TASK DETAILS:
Reproduce, exactly and only, the lines of the data that follows from the one containing "불을 껐어도 이렇게 부풀어오를 때는 양방향으로 저어주면 가라앉는다." down to the one containing "Na obrázku č.", without pictures.

THE DATA:
☆ ☆ ☆ ☆

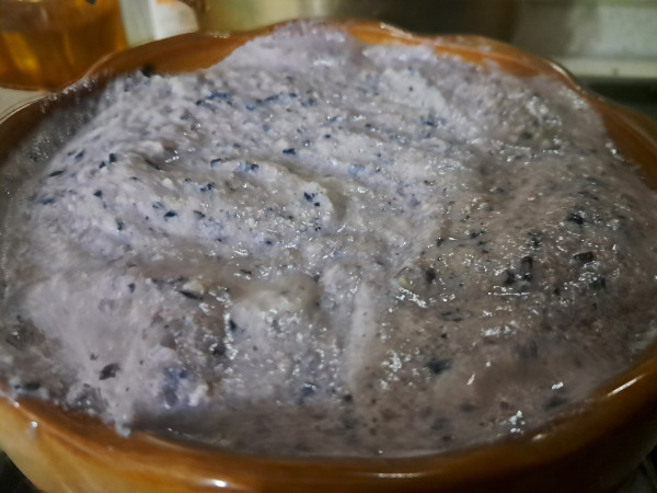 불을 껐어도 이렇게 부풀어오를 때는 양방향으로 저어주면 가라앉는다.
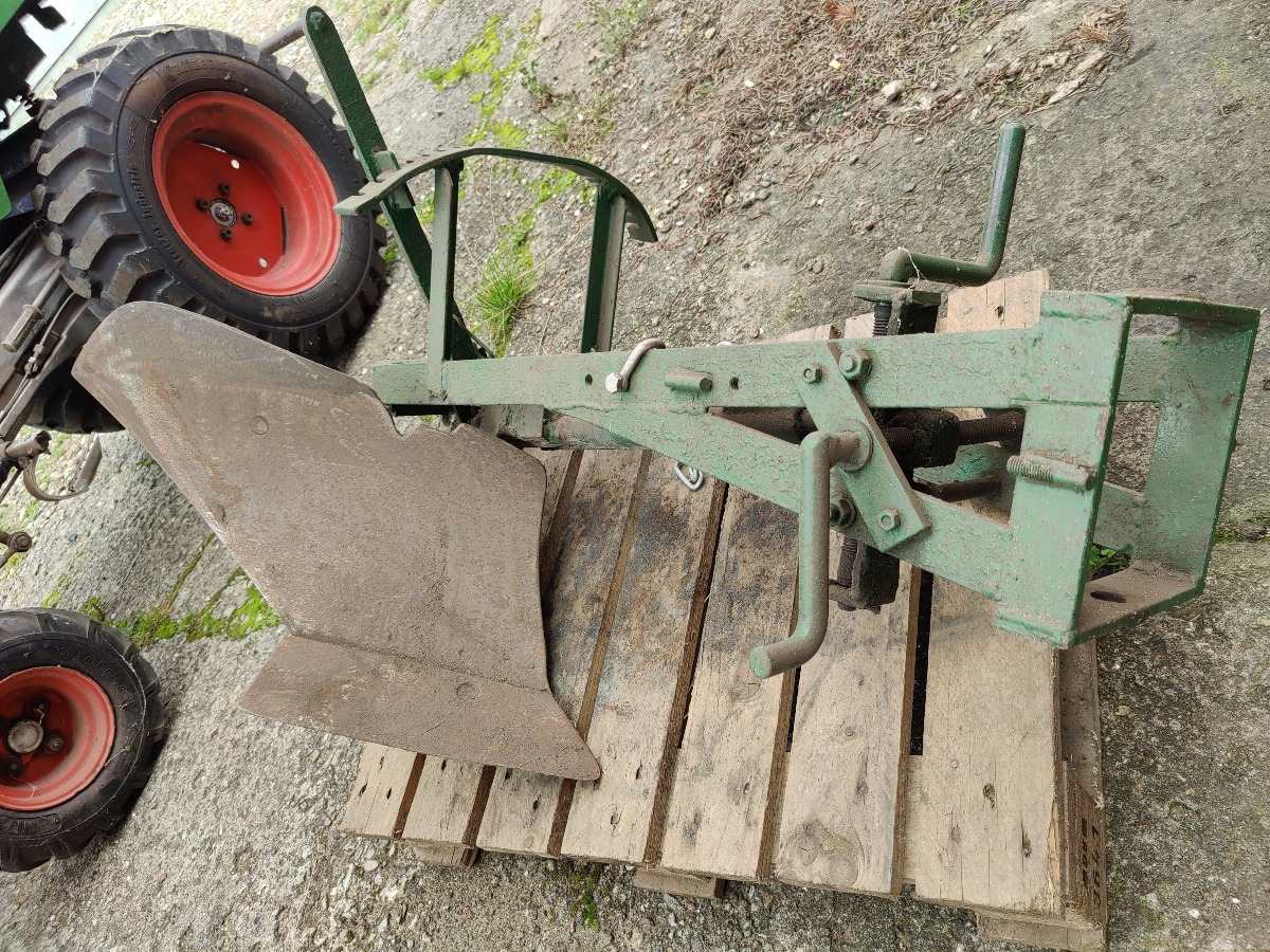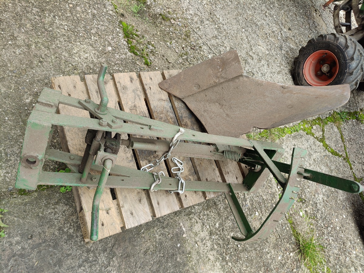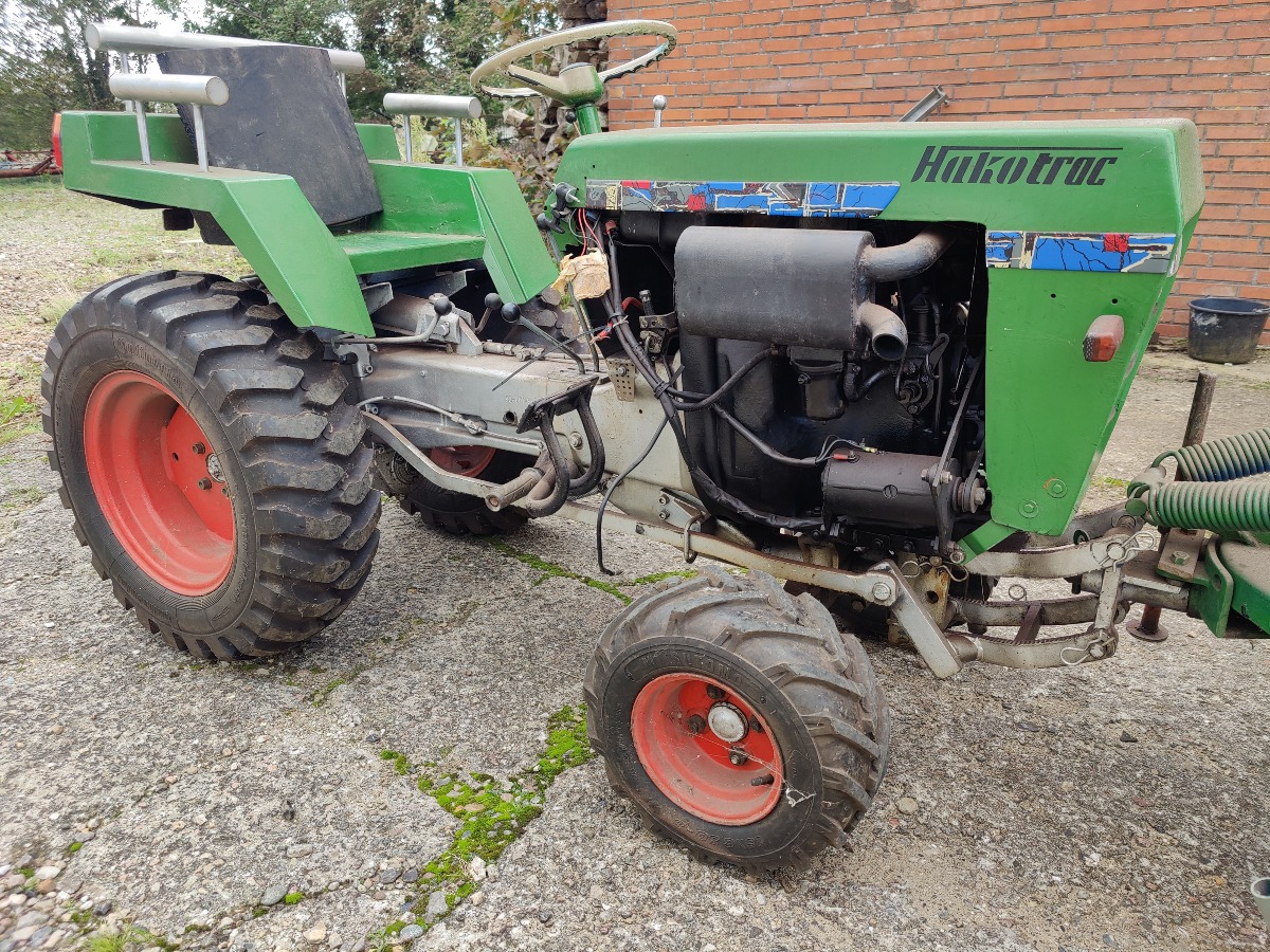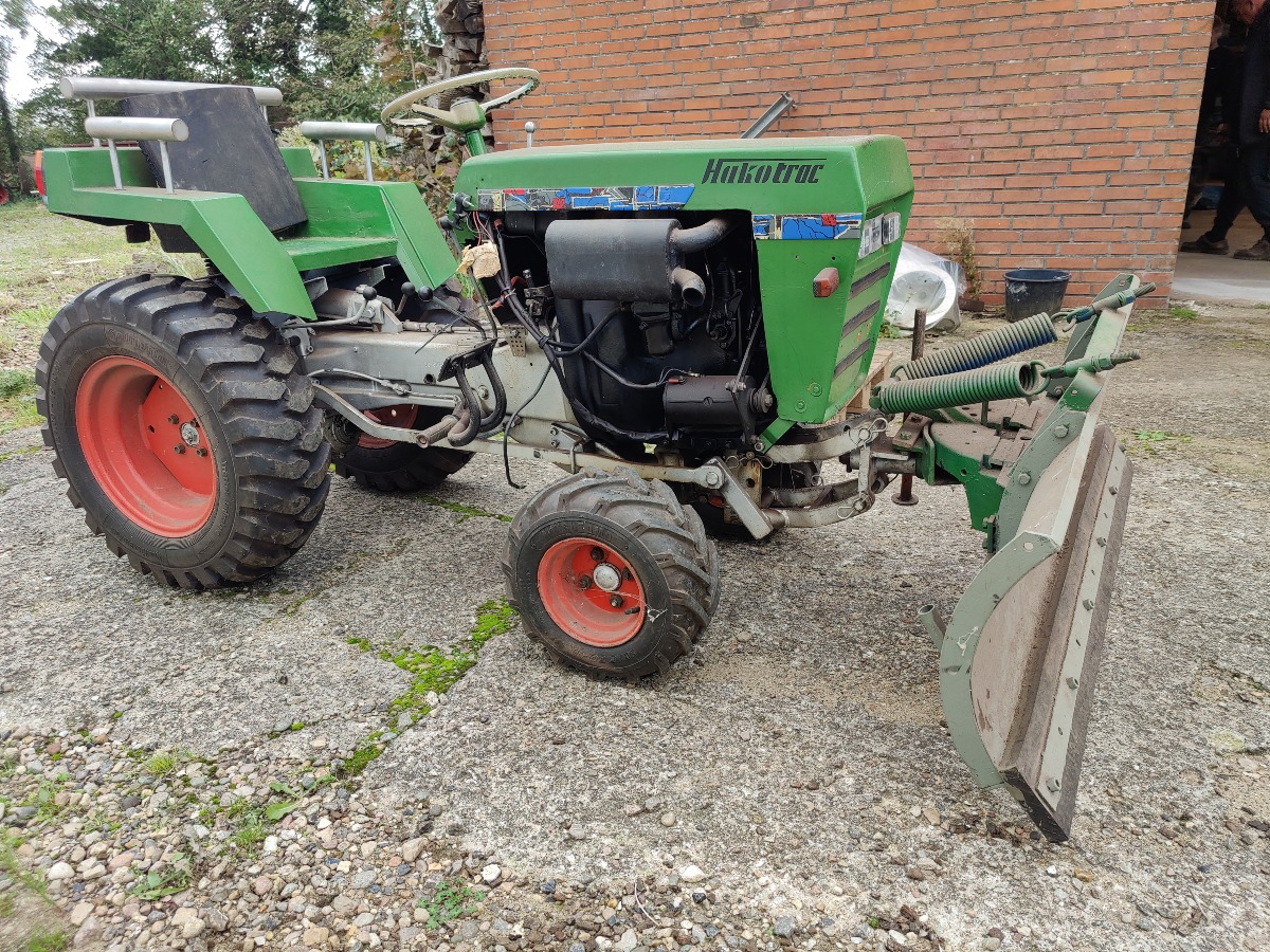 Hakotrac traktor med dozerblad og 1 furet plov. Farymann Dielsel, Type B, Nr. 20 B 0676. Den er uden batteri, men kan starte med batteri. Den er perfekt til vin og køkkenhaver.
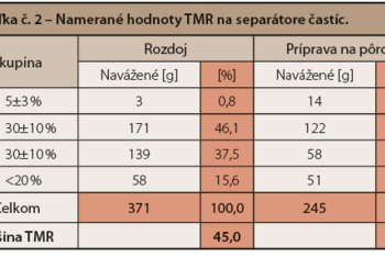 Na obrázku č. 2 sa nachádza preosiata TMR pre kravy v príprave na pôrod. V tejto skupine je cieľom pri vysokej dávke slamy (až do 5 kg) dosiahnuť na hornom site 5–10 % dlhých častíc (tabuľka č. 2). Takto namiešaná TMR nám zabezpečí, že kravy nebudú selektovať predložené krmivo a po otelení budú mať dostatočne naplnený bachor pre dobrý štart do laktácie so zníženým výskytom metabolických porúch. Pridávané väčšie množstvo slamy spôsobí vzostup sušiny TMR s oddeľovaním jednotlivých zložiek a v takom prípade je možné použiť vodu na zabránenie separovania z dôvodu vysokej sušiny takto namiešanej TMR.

☆ ☆ ☆ ☆

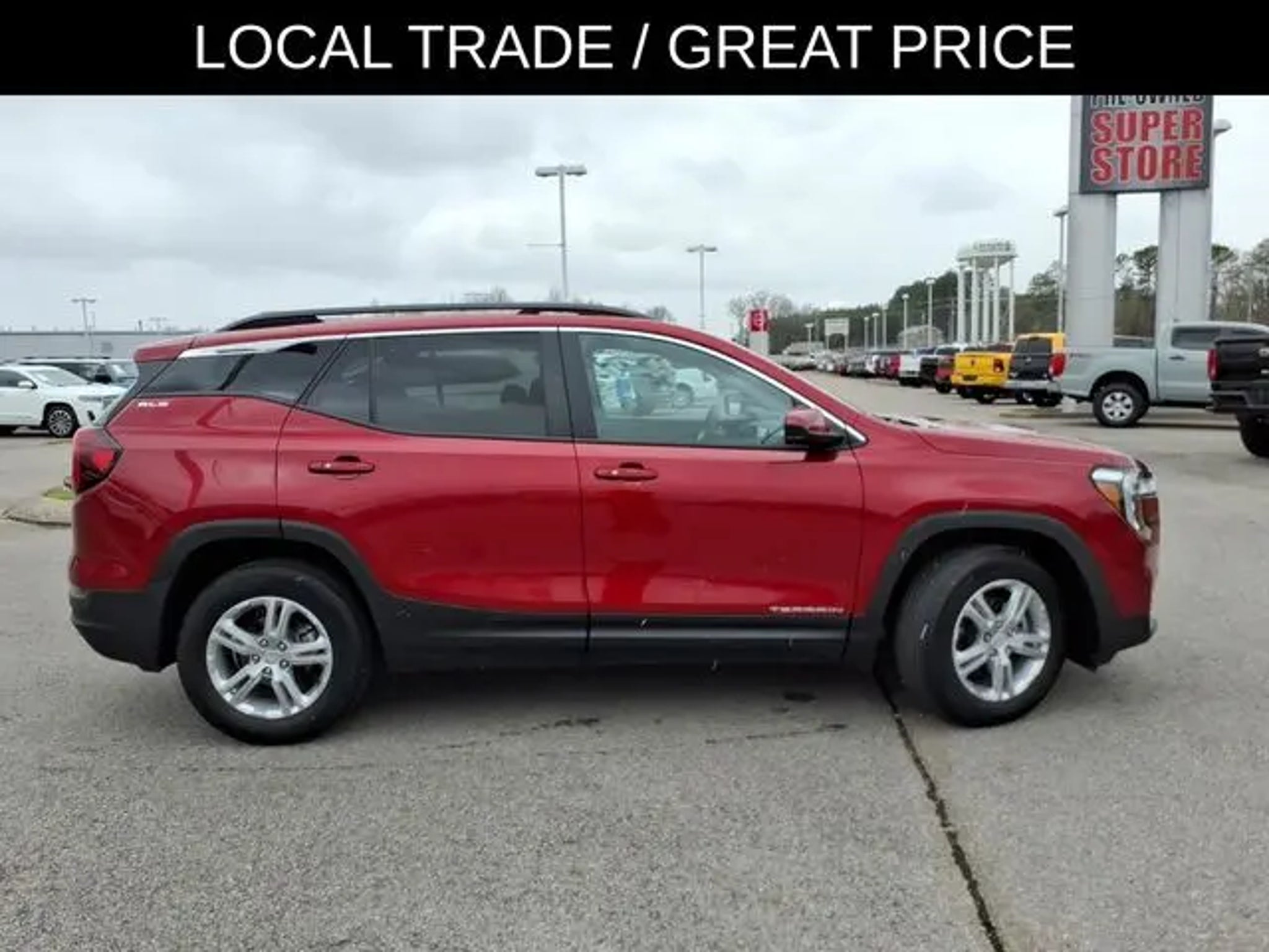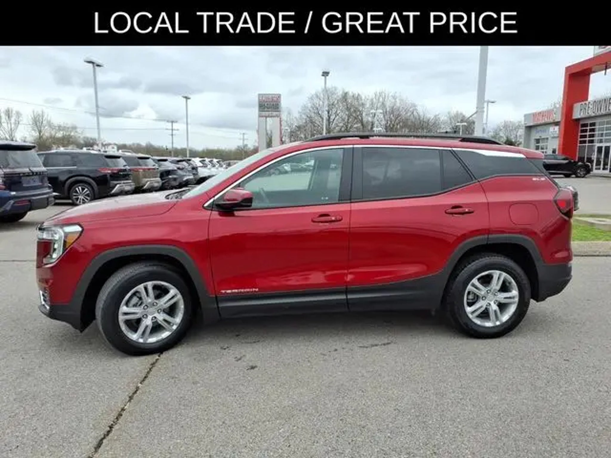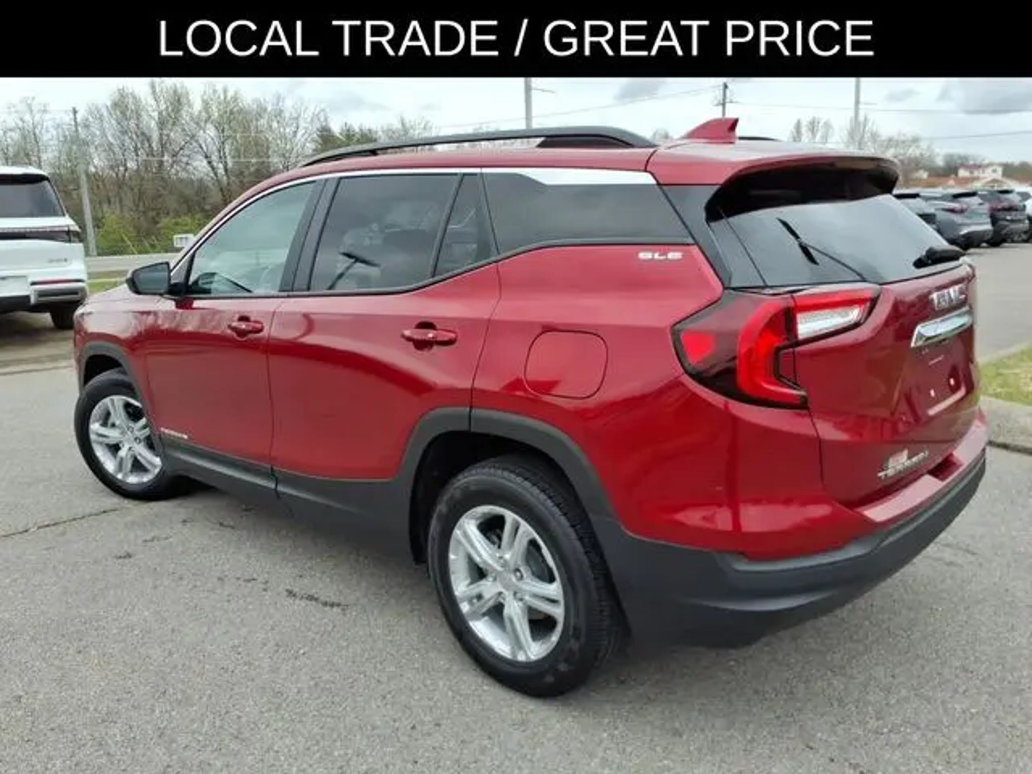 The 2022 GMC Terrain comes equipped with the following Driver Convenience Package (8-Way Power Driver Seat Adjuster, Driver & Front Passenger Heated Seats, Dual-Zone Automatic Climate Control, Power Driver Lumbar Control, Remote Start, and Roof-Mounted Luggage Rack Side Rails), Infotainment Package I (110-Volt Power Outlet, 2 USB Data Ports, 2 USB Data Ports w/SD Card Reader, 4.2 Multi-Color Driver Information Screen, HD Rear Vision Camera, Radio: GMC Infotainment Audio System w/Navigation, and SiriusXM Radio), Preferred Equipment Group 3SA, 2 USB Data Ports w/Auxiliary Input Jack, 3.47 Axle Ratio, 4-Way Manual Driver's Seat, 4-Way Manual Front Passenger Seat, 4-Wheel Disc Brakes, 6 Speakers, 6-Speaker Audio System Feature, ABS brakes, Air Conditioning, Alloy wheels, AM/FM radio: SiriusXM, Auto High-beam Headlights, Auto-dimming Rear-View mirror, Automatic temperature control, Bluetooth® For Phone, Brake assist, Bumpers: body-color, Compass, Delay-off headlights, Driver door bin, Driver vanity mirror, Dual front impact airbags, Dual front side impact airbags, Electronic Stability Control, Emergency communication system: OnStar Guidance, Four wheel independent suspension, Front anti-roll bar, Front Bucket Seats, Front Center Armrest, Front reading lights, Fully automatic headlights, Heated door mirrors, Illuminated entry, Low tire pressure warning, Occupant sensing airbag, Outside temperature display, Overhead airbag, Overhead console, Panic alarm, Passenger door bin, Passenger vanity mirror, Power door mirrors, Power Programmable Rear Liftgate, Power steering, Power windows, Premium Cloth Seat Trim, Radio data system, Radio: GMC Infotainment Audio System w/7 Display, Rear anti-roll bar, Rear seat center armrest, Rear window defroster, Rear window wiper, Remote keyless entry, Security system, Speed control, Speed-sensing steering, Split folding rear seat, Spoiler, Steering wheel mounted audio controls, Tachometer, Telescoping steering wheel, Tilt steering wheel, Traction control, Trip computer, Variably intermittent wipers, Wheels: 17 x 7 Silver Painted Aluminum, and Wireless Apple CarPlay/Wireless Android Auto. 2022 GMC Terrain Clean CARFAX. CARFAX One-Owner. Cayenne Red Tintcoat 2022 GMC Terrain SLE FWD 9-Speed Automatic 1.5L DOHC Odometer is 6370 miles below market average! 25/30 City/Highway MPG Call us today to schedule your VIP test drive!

☆ ☆ ☆ ☆

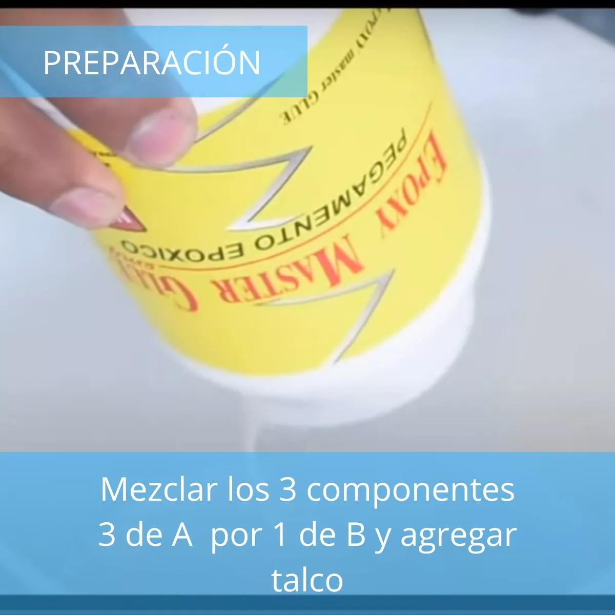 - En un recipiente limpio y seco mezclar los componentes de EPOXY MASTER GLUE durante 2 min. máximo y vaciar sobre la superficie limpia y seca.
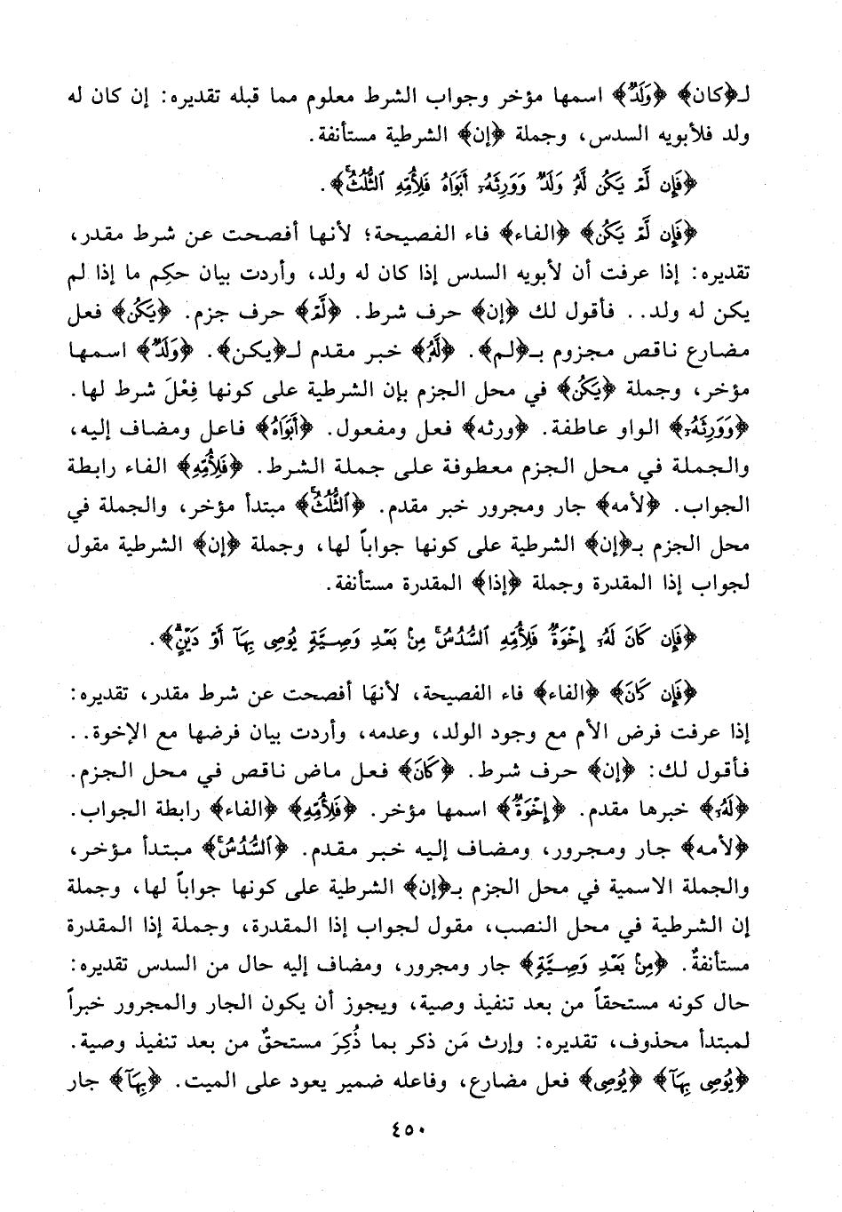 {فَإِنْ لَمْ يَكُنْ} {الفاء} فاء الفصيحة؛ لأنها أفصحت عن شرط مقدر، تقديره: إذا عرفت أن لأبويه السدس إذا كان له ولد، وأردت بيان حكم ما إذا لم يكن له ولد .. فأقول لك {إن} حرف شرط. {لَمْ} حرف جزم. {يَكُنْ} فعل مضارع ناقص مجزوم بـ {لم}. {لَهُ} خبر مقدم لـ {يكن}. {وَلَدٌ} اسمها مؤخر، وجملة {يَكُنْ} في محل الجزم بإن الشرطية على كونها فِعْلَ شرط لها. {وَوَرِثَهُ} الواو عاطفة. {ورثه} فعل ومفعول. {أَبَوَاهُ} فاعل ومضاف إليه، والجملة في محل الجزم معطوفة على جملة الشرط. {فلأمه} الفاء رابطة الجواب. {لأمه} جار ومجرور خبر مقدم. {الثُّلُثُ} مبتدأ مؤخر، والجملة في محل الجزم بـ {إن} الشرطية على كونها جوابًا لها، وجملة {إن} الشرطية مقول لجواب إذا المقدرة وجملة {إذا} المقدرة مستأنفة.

☆ ☆ ☆ ☆

YOUR SOLUTION:
 불을 껐어도 이렇게 부풀어오를 때는 양방향으로 저어주면 가라앉는다.
 Hakotrac traktor med dozerblad og 1 furet plov. Farymann Dielsel, Type B, Nr. 20 B 0676. Den er uden batteri, men kan starte med batteri. Den er perfekt til vin og køkkenhaver.
 Na obrázku č. 2 sa nachádza preosiata TMR pre kravy v príprave na pôrod. V tejto skupine je cieľom pri vysokej dávke slamy (až do 5 kg) dosiahnuť na hornom site 5–10 % dlhých častíc (tabuľka č. 2). Takto namiešaná TMR nám zabezpečí, že kravy nebudú selektovať predložené krmivo a po otelení budú mať dostatočne naplnený bachor pre dobrý štart do laktácie so zníženým výskytom metabolických porúch. Pridávané väčšie množstvo slamy spôsobí vzostup sušiny TMR s oddeľovaním jednotlivých zložiek a v takom prípade je možné použiť vodu na zabránenie separovania z dôvodu vysokej sušiny takto namiešanej TMR.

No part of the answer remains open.